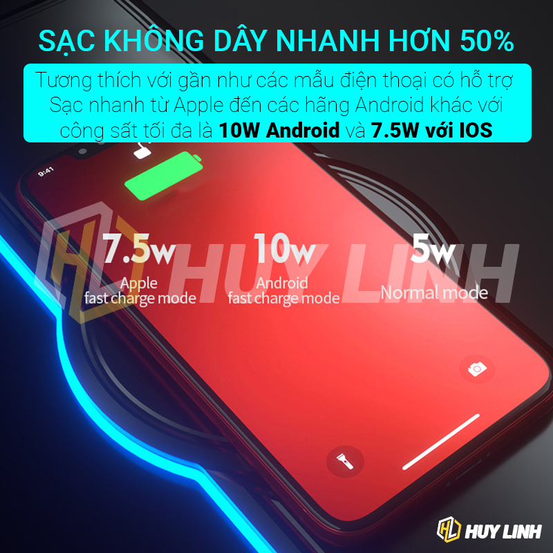 - Hỗ trợ sạc nhanh không dây tiêu chuẩn Qi: Android 10W, IOS 7.5W
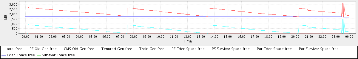 avg(total free) = 2189.72 avg(PS Old Gen free) = 1738.81 avg(CMS Old Gen free) = 0.00 avg(Tenured Gen free) = 0.00 avg(Train Gen free) = 0.00 avg(PS Eden Space free) = 450.72 avg(PS Survivor Space free) = 0.19 avg(Par Eden Space free) = 0.00 avg(Par Survivor Space free) = 0.00 avg(Eden Space free) = 0.00 avg(Survivor Space free) = 0.00
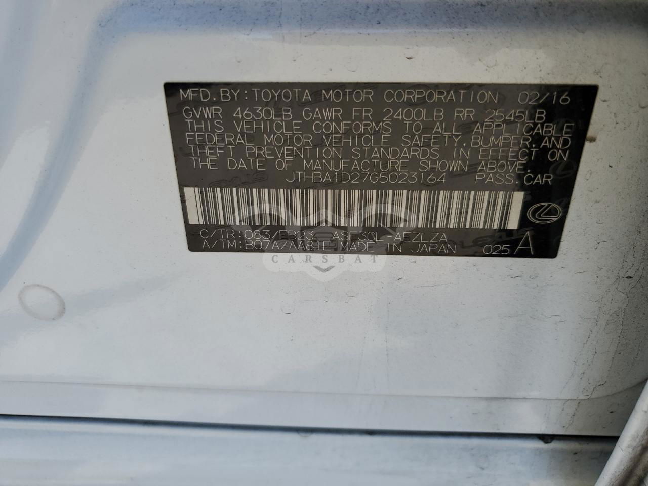 • VIN: JTHBA1D27G5023164
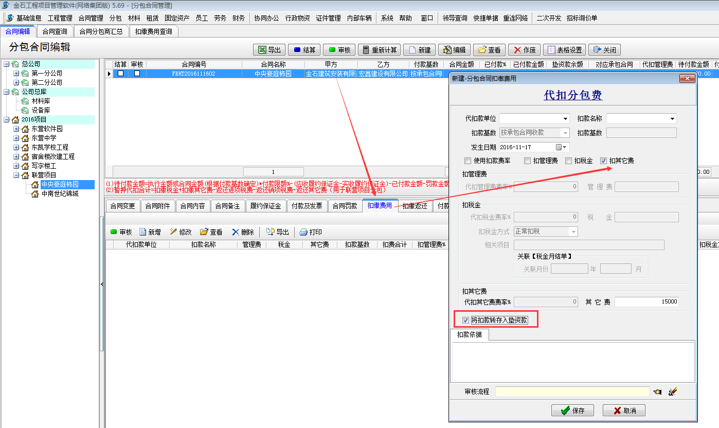 在建立分包合同時可選擇在“付款前扣款”處打鉤,這樣在付款前,必須做扣繳費(fèi)用才能付款,避免有忘記扣款的情況。具體參見文章“分包合同付款前扣款的使用”index.php?c=msg&id=1529&
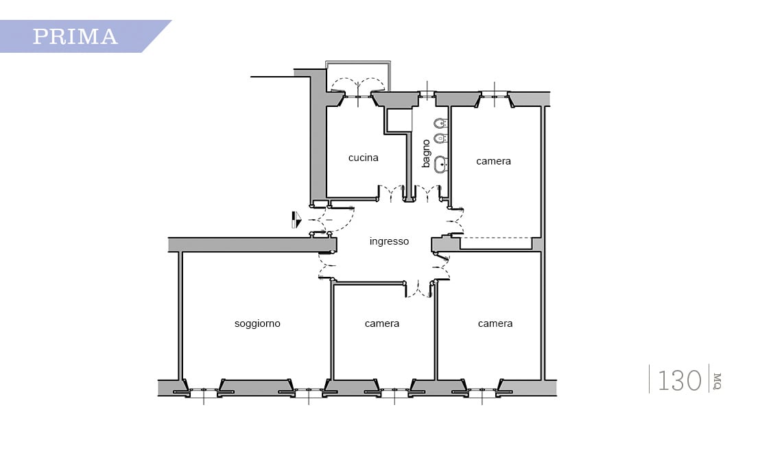Il committente vuole separare le zone notte e giorno, nonché creare un secondo bagno e una lavanderia. Servono anche uno studio dove ricevere i clienti e una cucina aperta sul soggiorno.
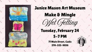 Mackenzie Stone will be teaching how to use the Wet Felting process to create art.
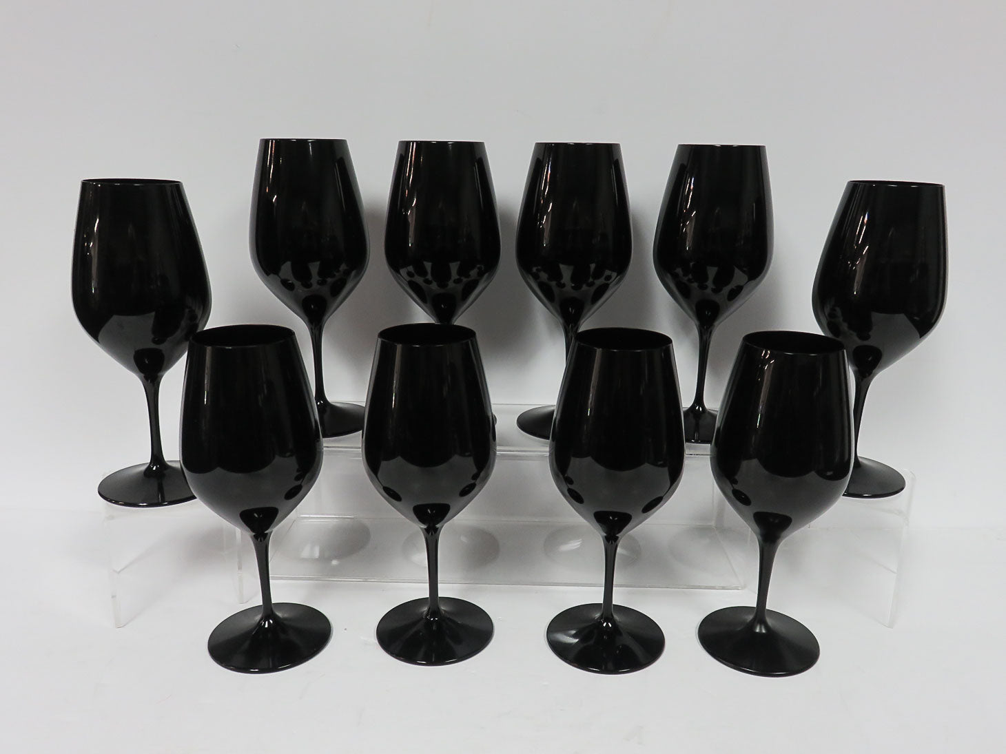 Set of 10, shiny black, stemmed, on round base. 7.5"
——————————
PROBLEM — Each entry should be output word for word, with no pictures carried over.

RESPONSE TO THIS EXERCISE —
 - Hỗ trợ sạc nhanh không dây tiêu chuẩn Qi: Android 10W, IOS 7.5W
 avg(total free) = 2189.72 avg(PS Old Gen free) = 1738.81 avg(CMS Old Gen free) = 0.00 avg(Tenured Gen free) = 0.00 avg(Train Gen free) = 0.00 avg(PS Eden Space free) = 450.72 avg(PS Survivor Space free) = 0.19 avg(Par Eden Space free) = 0.00 avg(Par Survivor Space free) = 0.00 avg(Eden Space free) = 0.00 avg(Survivor Space free) = 0.00
 • VIN: JTHBA1D27G5023164
 在建立分包合同時可選擇在“付款前扣款”處打鉤,這樣在付款前,必須做扣繳費(fèi)用才能付款,避免有忘記扣款的情況。具體參見文章“分包合同付款前扣款的使用”index.php?c=msg&id=1529&
Il committente vuole separare le zone notte e giorno, nonché creare un secondo bagno e una lavanderia. Servono anche uno studio dove ricevere i clienti e una cucina aperta sul soggiorno.
 Mackenzie Stone will be teaching how to use the Wet Felting process to create art.
 Set of 10, shiny black, stemmed, on round base. 7.5"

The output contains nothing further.